On the Multi Commodity Exchange (MCX), gold futures for December delivery appreciated by ₹ 791, or 0.66 %, to ₹ 1,21,313 per 10 grams from the previous close of ₹ 1,20,522 per 10 grams.

The February 2026 contract appreciated by ₹ 909, or 0.75 %, to ₹ 1,22,747 per 10 grams. It had settled at ₹ 1,21,838 per 10 grams on Wednesday.

Silver futures moved in tandem, with the December contract rallying by ₹ 1,251, or 0.85 %, to ₹ 1,48,572 per kilogram against the previous close of ₹ 1,47,321 per kg.

The March 2026 contract bounced by ₹ 1,578, or 1.06 %, to ₹ 1,50,677 per kg as compared with Wednesday's closing of ₹ 1,49,099 per kilogram on the commodities bourse.

The commodities exchange remained closed in the morning session on Wednesday on account of Guru Nanak Dev Jayanti but resumed trading in the evening session.

The dollar index, which gauges the greenback's strength against a basket of six currencies, fell 0.29 % to 99.91, making bullion more attractive for investors of other currencies.
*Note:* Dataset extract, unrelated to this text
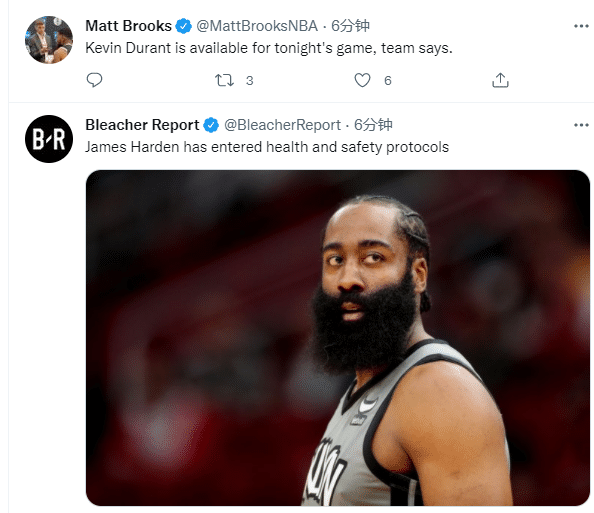篮网全队7人隔离太惨,哈登触发健康安全协议!杜兰特带伤出战

In the international markets, Comex gold futures advanced by 1 % to $ 4,024.37 per ounce, reclaiming the $ 4,000 level, while silver futures rose by $ 1.20 % to $ 48.60 an ounce.

"Gold prices rose to $ 4,024 per ounce as investors weighed US jobs data and interest rate outlook. Persistent risk-off sentiment and inflation concerns may support prices, though firm economic data may limit upside," brokerage firm Kotak Securities said.

Jigar Trivedi, Senior Research Analyst at Reliance Securities, said, "The private payrolls and ISM Services PMI have reinforced expectations that there is little room for additional rate cuts, with inflation still above target and the government shutdown delaying key labour data".

This comes against the backdrop of a hawkish tone from several Fed officials, aligning with Chair Jerome Powell's recent remarks suggesting that the latest rate cut could be the last for this year, Trivedi said.

According to commodities market experts, investors are likely to remain cautious ahead of speeches from several Federal Reserve officials, including John Williams and Michael S Barr later in the day.

"The commentary will provide more impetus on the central bank's monetary policy path and could influence the near-term trajectory for bullion prices," an expert said.